When comparing prevalence trend and incidence levels, it should be noted that new infections are only one of many factors contributing to prevalence change. Prevalence is also affected by mortality of infected persons and by in- and out-migration of infected and uninfected individuals, and prevalence and incidence estimates are affected by changing participation rates. Figure 1 illustrates the magnitude of the main influences that determine overall prevalence change. Migratory changes dwarf all the others; however, in each of the intervals, overall in-migration of HIV-infected persons has been more or less balanced by out-migration of HIV-infected persons. This is not always the case in narrower age bands, however, in which it is also necessary to account for aging in and out of the age group. This can lead to unexpected relations between age-specific incidence and prevalence change in particular age groups.

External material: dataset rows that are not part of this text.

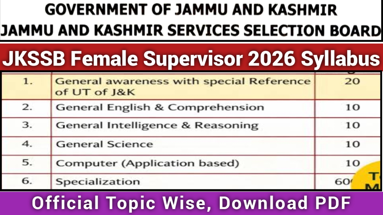 JKSSB Female Supervisor 2026 Syllabus: The Jammu and Kashmir Service Selection Board is inviting online applications from eligible female candidates for the recruitment of female supervisor. The notification under advertisement number 13 of 2025 has been uploaded on the official website. Eligible female candidates can submit their online applications from 27 January 2026 to 25 February 2026 at jkssb.nic.in . The JKSSB Supervisor exam aims to evaluate the candidates for their scientific analytical and the numerical aptitude and their general awareness over broad range of topics. Here we provide you topic wise JKSSB Supervisor Syllabus 2026 and PDF file for your reference. For more details, read the complete article.
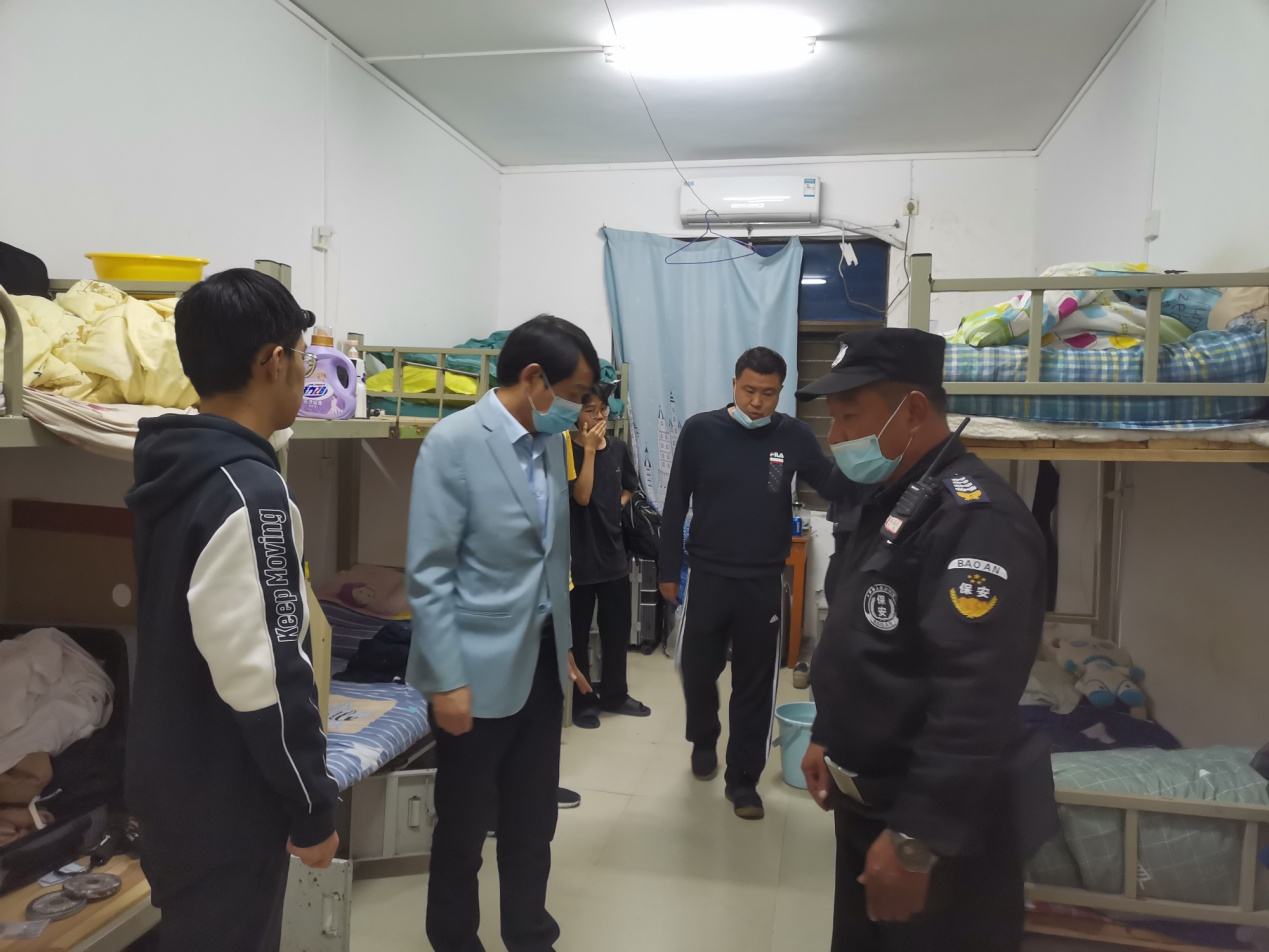 10月24日晚上8点,为落实学校关于疫情防控工作的部署和要求,进一步做好常态化疫情防控工作,深入了解学生在寝室的学习生活状况及存在的问题与困难,提升学生住宿安全防范意识,公共课部党总支书记陈建波带领班主任联合学校保卫处,到学生寝室走访慰问在校学生,开展疫情防控安全隐患排查及常规卫生检查。
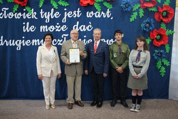Z kolei dyrektor Sajecka uhonorowała Ryszarda Zawadowskiego honorowym tytułem "Ambasadora Szkoły" za zasługi w promowaniu placówki.
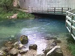Roubidoux Spring is a second magnitude freshwater spring located within the city limits of Waynesville in the Missouri Ozarks. The spring discharges from the base of a rock ledge that has been capped by a large concrete wall, built to hold the road that passes over the spring. Spring water flows a very short distance before adding its waters to the Roubidoux Creek. A city park with trails and a board walk has been developed around the spring. This spring is noted as having an average discharge of 58.3 ft³/s.[1] However, due to very limited discharge data, an accurate description of the flow of this particular spring may be difficult to find. This could be a first magnitude spring – over 100 ft³/s. According to some lists, this ranks as the 15th largest spring in the state[2]. The area near this spring has very intense karst topography, many caves, springs and large sink holes are present within a few miles of this spring.
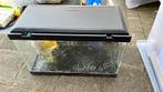 - Aquarium avec gravier et pompe.Aquarium +/- 30x30x20 cm avec gravier, pompe et décoration grotte. Lampe dans le couvercle de l aquarium.Utilisé Enlèvement
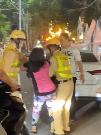 Cả 2 chiến sĩ CSGT có mặt ở đó vẫn bình tĩnh khuyên nhủ: "Tôi cảnh cáo chị, chị bỏ tay ra, tôi đang mặc sắc phục nhà nước. Chị đang vi phạm giao thông, chúng tôi được tạm giữ bằng lái xe".
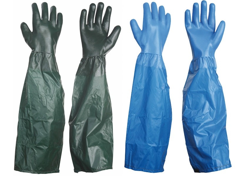 velikost 10,5", úplet máčený v PVC s nitrilem, zdrněná dlaň, PVC návlek na paži, 60 cm | ||
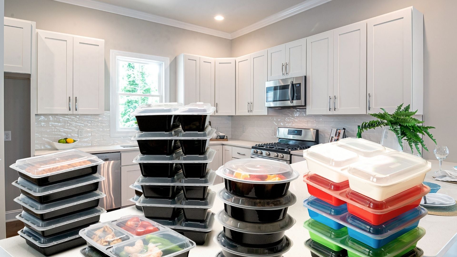 50 Pack 5 Mixed Color 3-Compartment Reusable Meal Prep Containers [942ml]
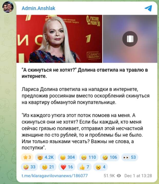 Лариса Долина предложила Полине Лурье "мировое соглашение", в котором она озвучила своё "щедрое предложение", возвращать свой долг в течении нескольких лет, мелкими частями и без учёта инфляции. Наглость и жадность певички всем известны.

In the 2003/2004 survey, HIV prevalence among adults aged 15 years or older was 7.5% for men and 8.2% for women compared with 6.9% for men and 7.8% for women in the previous survey. Data for the population aged 15 to 44 years, available for all 4 surveys, are shown in Table 2.
In the area as a whole, prevalence seems to be rising still for men but has declined slightly in recent years for women. Prevalence is lower in remote rural areas, but it has continued to rise in these areas for both genders, whereas in the area closest to the road and trading center, it has leveled off for men and fallen sharply for women. Overall, prevalence is little influenced by changes in the composition of the population between surveys; when standardized for age and residence, the standardized prevalence ratios (not shown) differed by <0.2% from the crude values.

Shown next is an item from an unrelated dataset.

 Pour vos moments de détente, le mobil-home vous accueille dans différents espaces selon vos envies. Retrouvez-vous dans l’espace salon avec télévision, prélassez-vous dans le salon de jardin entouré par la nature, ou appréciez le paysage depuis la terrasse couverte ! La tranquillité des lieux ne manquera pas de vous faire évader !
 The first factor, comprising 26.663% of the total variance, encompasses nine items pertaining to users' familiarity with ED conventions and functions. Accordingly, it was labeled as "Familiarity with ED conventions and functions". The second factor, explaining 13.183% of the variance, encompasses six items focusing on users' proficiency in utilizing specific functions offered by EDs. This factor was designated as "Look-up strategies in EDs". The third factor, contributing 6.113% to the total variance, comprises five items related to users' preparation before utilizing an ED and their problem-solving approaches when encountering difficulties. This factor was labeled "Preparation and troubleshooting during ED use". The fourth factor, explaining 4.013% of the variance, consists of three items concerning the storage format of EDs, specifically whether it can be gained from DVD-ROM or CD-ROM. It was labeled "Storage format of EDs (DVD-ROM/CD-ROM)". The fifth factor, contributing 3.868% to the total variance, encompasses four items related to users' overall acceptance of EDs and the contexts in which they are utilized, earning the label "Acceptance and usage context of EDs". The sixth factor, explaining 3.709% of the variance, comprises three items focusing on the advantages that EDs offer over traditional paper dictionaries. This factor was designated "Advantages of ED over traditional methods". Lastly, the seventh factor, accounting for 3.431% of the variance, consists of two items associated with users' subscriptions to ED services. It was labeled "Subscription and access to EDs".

HIV prevalence varies by age group, and the pattern of age variation differs between genders and between roadside and remote rural areas; furthermore, the age patterns change over time (Fig. 2). Prevalence is consistently higher across all ages in roadside residents compared with those living in more remote rural areas, but the gap has reduced over time. For women, prevalence peaks in the 25- to 34-year-old age group; however, for men, it continues to be high in the 35- to 44-year-old age group. It has increased over time among male and female residents younger than 20 years of age in both residence categories; however, for men, this increase has been recent (2000 to 2003), whereas for young women, the increase occurred mainly at the start of the study (1994 to 1997). In older age groups, prevalence was fairly steady in roadside villages in the first 3 surveys but fell at the most recent survey.
Incidence estimates are based on a total of 33,140 person-years of observation between the ages of 15 and 45 years, with 362 seroconversions observed between these ages. This includes 3690 person-years contributed by young residents in the interval before their first serosurvey attendance (31 seroconversions), and 2630 person-years contributed by those who skipped 1 or more serosurveys (32 seroconversions). The second panel of Table 2 shows crude incidence rates by gender, residence, and intersurvey interval. Incidence rose sharply between the first 2 intersurvey intervals in all areas, but roadside areas experienced a reversal of this trend in the last interval, with a particularly dramatic fall among women, in contrast to remote rural areas, where incidence has leveled out for men but continues to rise for women.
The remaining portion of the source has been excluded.